Фостина молча кивнула, так как уже не надеялась на твердость голоса. Две пары глаз, не отрываясь, следили за ней со стороны, наблюдая, как она поднимается по лестнице. Их отнюдь не невинные глазки были широко раскрыты. В них сквозило любопытство и подозрительность. Фостина ускорила шаг. На верхней площадке она остановилась и прислушалась. Откуда-то сверху послышался пронзительный смешок, похожий скорее на мышиный писк.
Фостина бросилась прочь от лестницы и быстро зашагала по холлу второго этажа. Вдруг справа отворилась дверь. Из комнаты вышла какая-то девушка в фартуке и чепце и выглянула через окно в конце коридора. Последние лучи заходящего солнца отражались в ее песочного цвета волосах.
Фостине, наконец, удалось унять дрожь на губах.
— Арлина, мне нужно с тобой поговорить!
Арлина резко дернулась в сторону и обернулась. Она была чем-то возбуждена и не скрывала своего явно враждебного настроения.
— Только не сейчас, мисс. Прежде я должна закончить работу!
— Хорошо… Тогда позже.
Когда Фостина проходила мимо нее, Арлина кинулась к стене и плотно прижалась к ней.

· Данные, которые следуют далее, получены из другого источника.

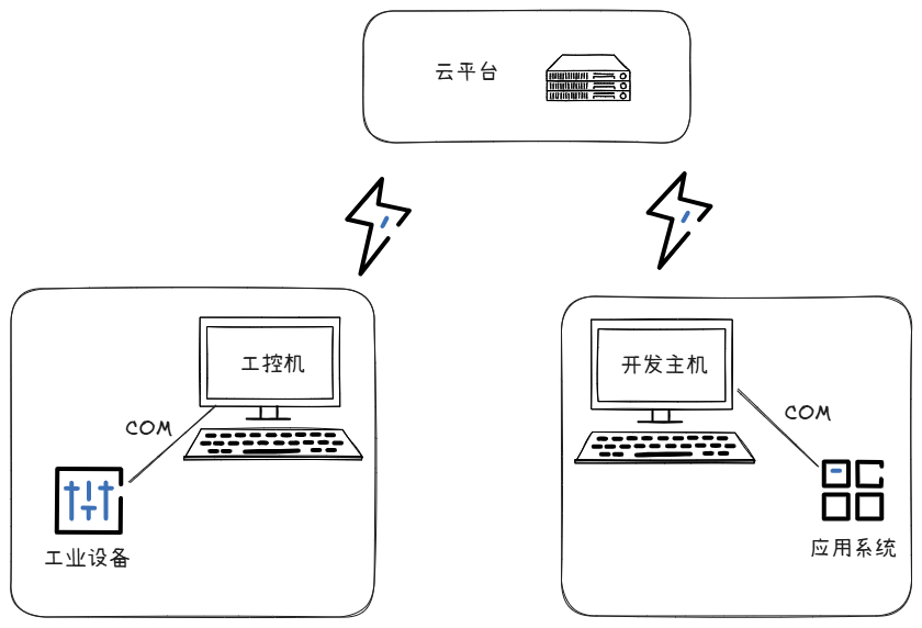 - 开发主机(称为 B 主机),需要使用虚拟串口工具,模拟出一对串口。比如 com1 和 com101。
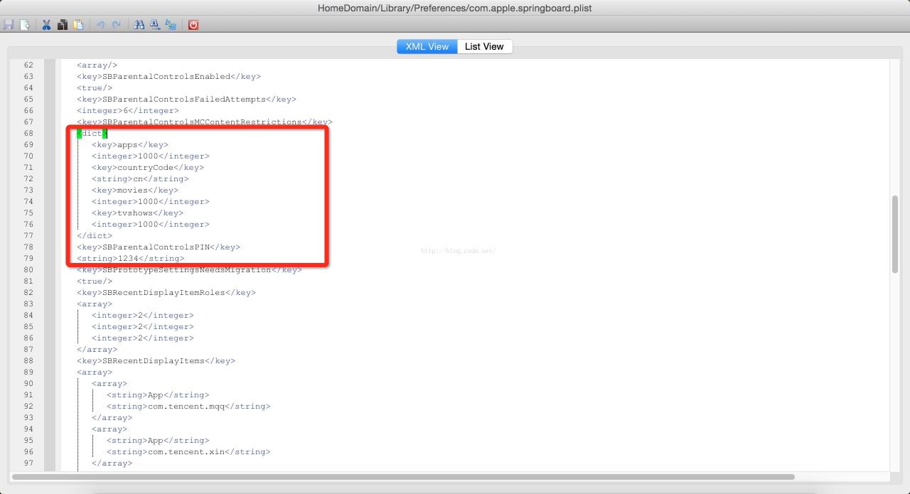 <key>SBParentalControlsPIN</key>
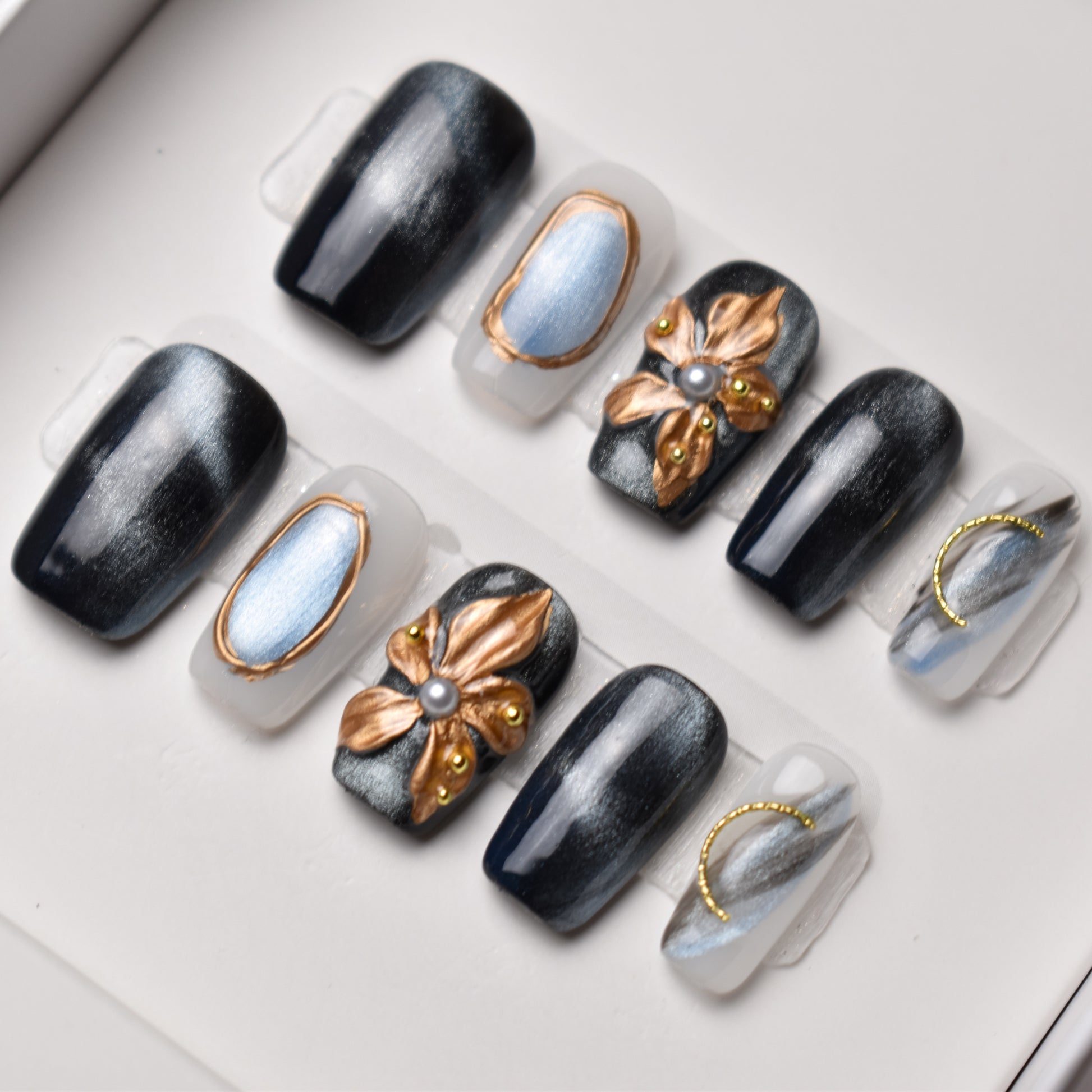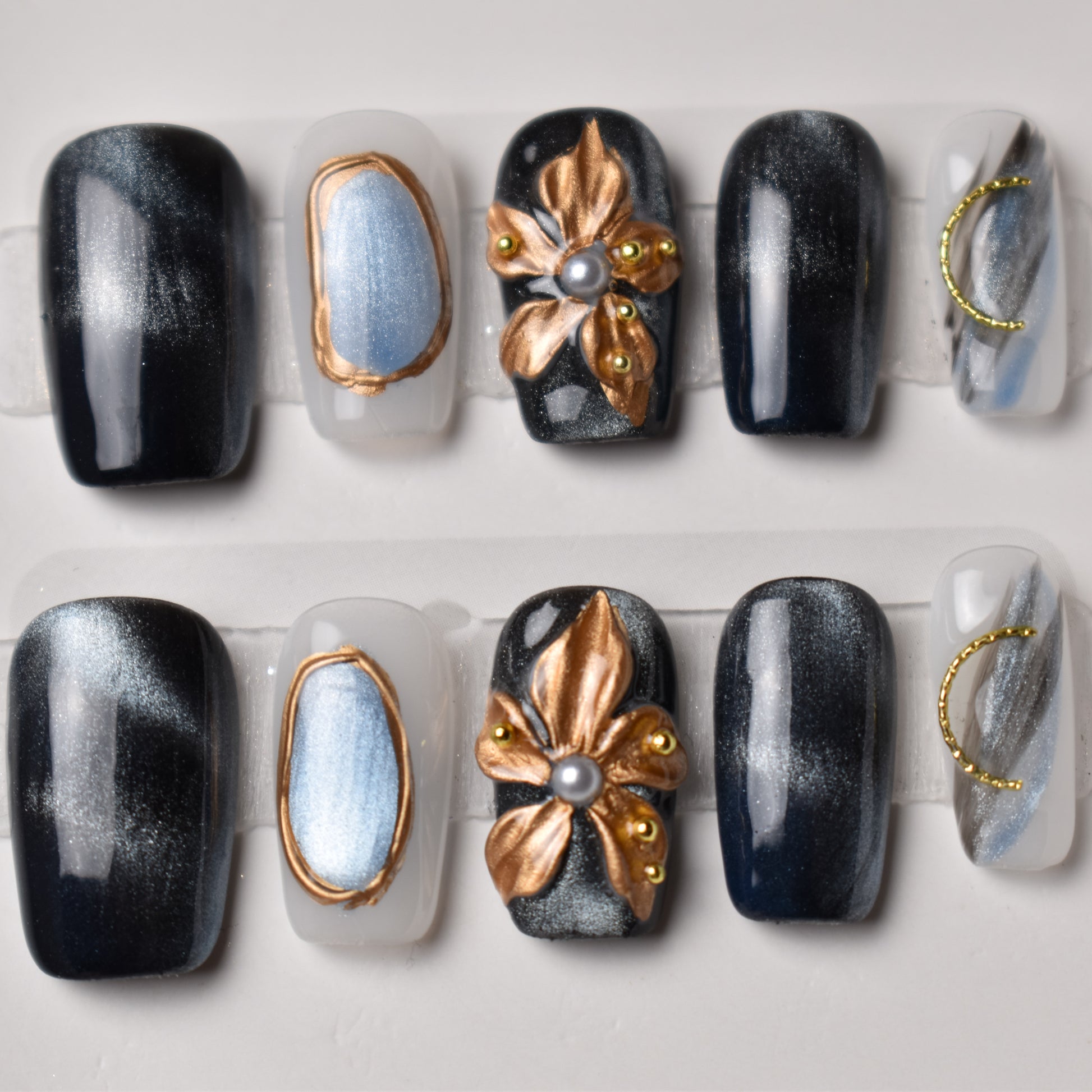 This serene set blends soft nude and white tones with delicate sky-blue marbling at the tips, outlined in fine silver glitter for an elegant finish. Two accent nails feature hand-sculpted 3D blue flowers with gold bead centers, evoking the calm beauty of blossoms against a clear spring sky. The combination of airy colors and subtle shimmer creates a refined, peaceful look that feels both fresh and timeless.
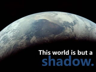#86 This world is but a shadow. The world we observe around us is but a shadow of the true forms that lie above in the eternal, perfect platonic world. Plato denied the reality of the material world. Everything we observe is always changing, inconsistent, and untrue. Thus, it is but a shadow of perfect, unchanging truth.
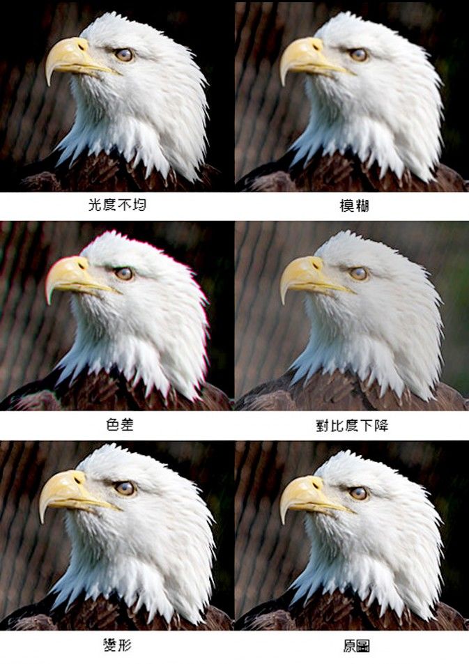 我们说一支镜头的质素高,通常是指其像差(Optical aberration)不明显。所谓像差,即影象在经过镜头后,所出现失真状况。下面是各种失真状况所发生时最极端例子(原图在右下以作比较):
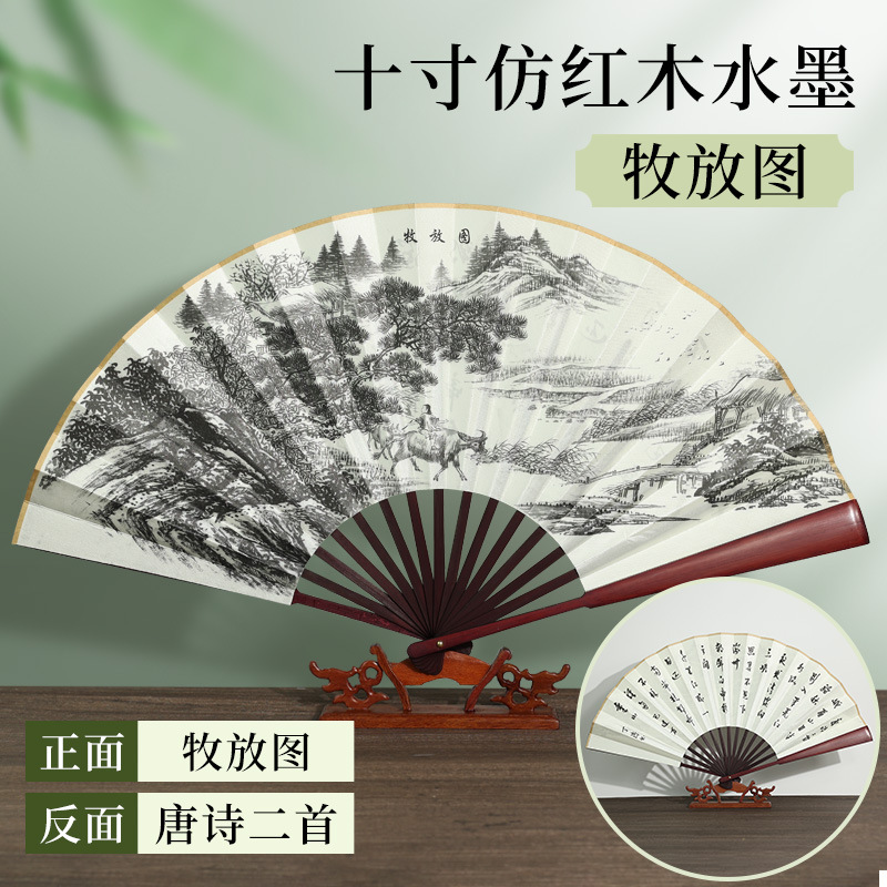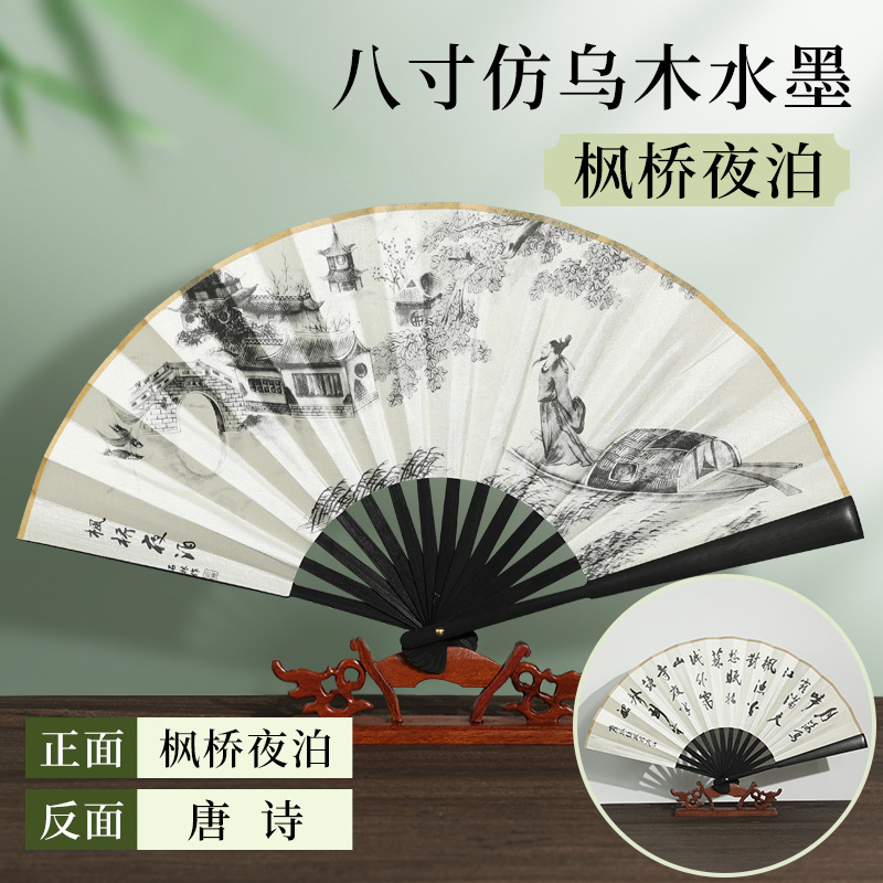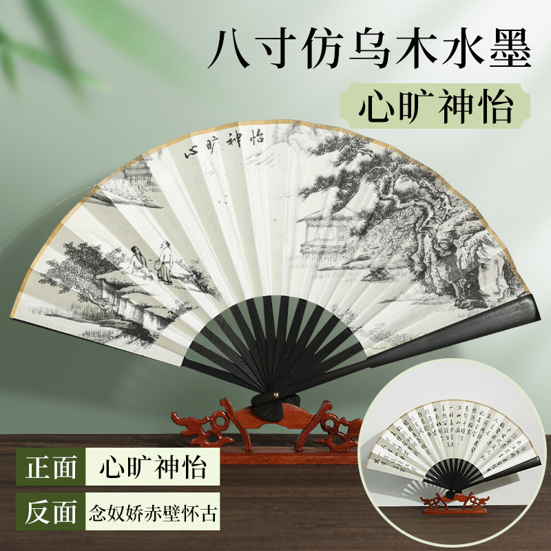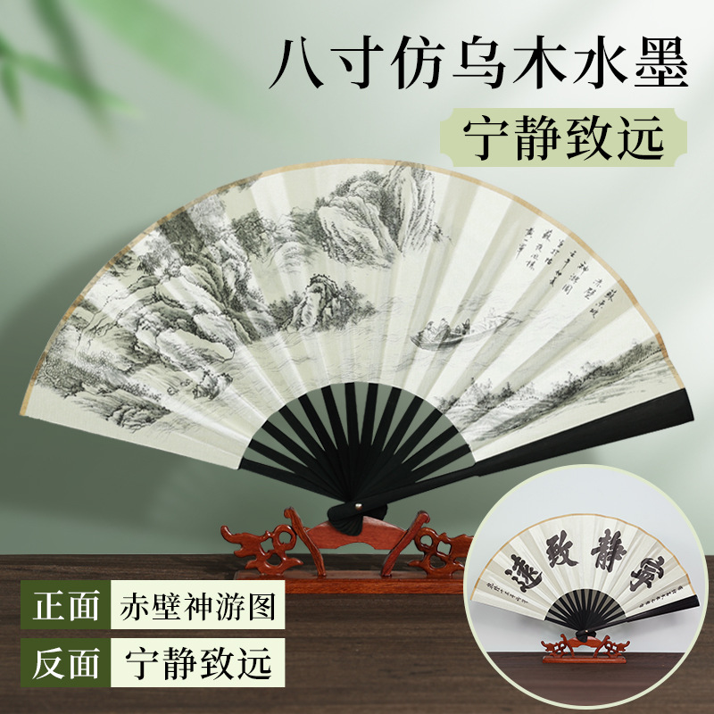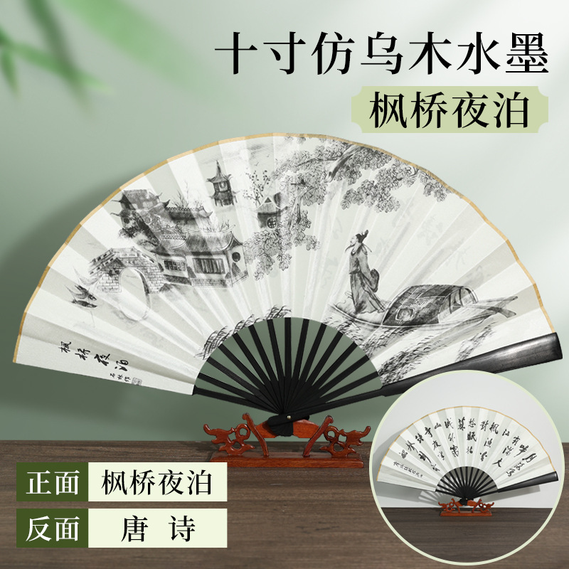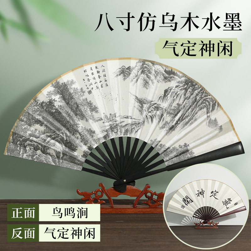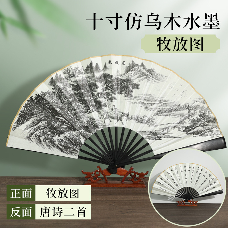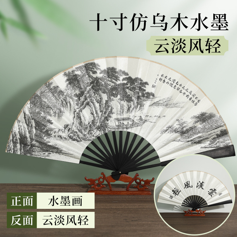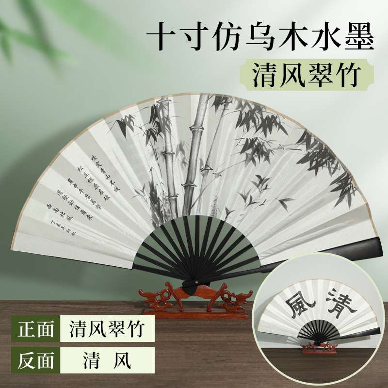 | [bonded] 10-inch double-sided pure black raw silk (redwood-like fan frame)(【已经粘合】10寸双面纯黑绢布(仿红木扇骨)) | USD $0.9 | 9996 piece available |
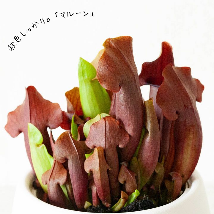 サラセニアって、秋が一番の見ごろなんです。葉が秋色に紅葉する季節。
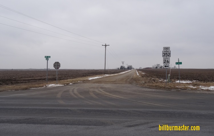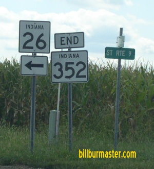 SB IN St Rt 352 south of the Benton/Warren County Line. A junction marker on EB IL St Rt 9. NB IN St Rt 352 at IL St Rt 9/IN St Rt 26. NB IN St Rt 352 at IL St rt 9/IN St Rt 26. (February, 2016) A guide marker on WB IN St Rt 26. SB IN St Rt 352 at the southern end point. The southern end marker. The southern end of IN St Rt 352. (February, 2016) The southern end marker. (February, 2016)
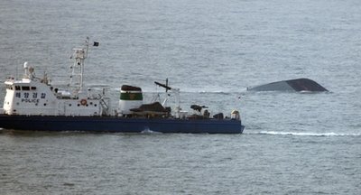 韓國(guó)海軍和海警消息人士表示,在攝氏8至10度的水溫中,落水者通?梢源婊3個(gè)小時(shí),其后便兇多吉少,為了搶救更多人命,海軍正徹夜全力搜索。
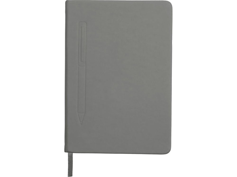 Блокнот формата А5 в твердой обложке со скруглёнными углами и блоком в линейку на 80 листов. Благодаря скрытой магнитной ленте на блокноте можно легко и надежно закрепить металлическую ручку. Зона с магнитом обозначена тиснением в форме ручки.
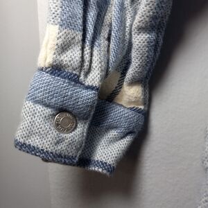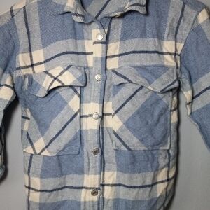 Stylish blue and cream plaid jacket with button closure. Features two front pockets.
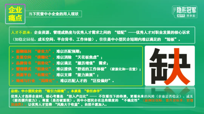 李老師首先拋出一個(gè)根本性問(wèn)題:什么是人才?他指出,真正的人才,是能夠持續創(chuàng )造價(jià)值的人。他進(jìn)一步分析了當前民營(yíng)中小企業(yè)面臨的核心用人困境:人才難以吸引、來(lái)了難以發(fā)揮作用。
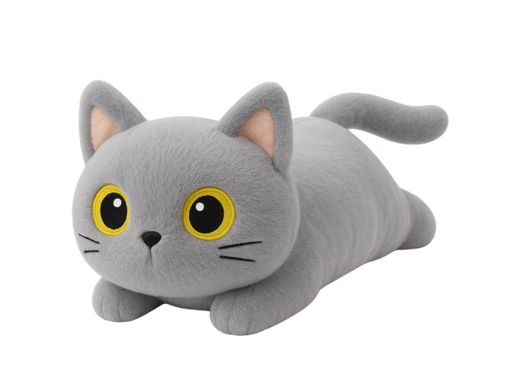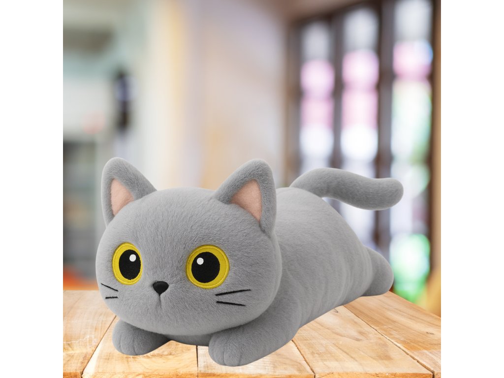 Plyšový polštářek Mazlíček Kočka Šedá – 45 cm je rozkošný, pečlivě zpracovaný a funkční doplněk, který zaujme jak děti, tak dospělé.
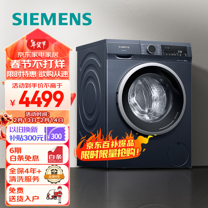 西门子(SIEMENS)10公斤滚筒洗衣机全自动 除菌洗烘一体机 智能烘干 热风清新 均匀烘干 湖蕴蓝 X14W价格:4499.00元!

Две маленькие девочки не спускали глаз с Фости- ны. Им было явно не по себе, и на их лицах отражался страх.
Глава вторая
Фостина вошла в комнату, откуда только что выпорхнула Арлина. На полу цвета жженого сахара лежал белый меховой ковер. На окнах висели белые занавески. На фоне белой стены выделялась бледно-желтая краска комода. На белой каминной доске стояли медные подсвечники со стеклянными подвесками и ароматно пахнувшими свечами из зеленоватой восковницы. Стулья с высокими спинками и скамья возле окна были покрыты мебельным ситцем кремового цвета с изображением фиалок и зеленых листьев. Эти жизнерадостные, яркие цвета были похожи на свежее весеннее утро. Кровать, однако, была не застелена, а в корзине — полно мусора. В пепельнице кучкой возвышались сигаретные «бычки», обильно посыпанные пеплом.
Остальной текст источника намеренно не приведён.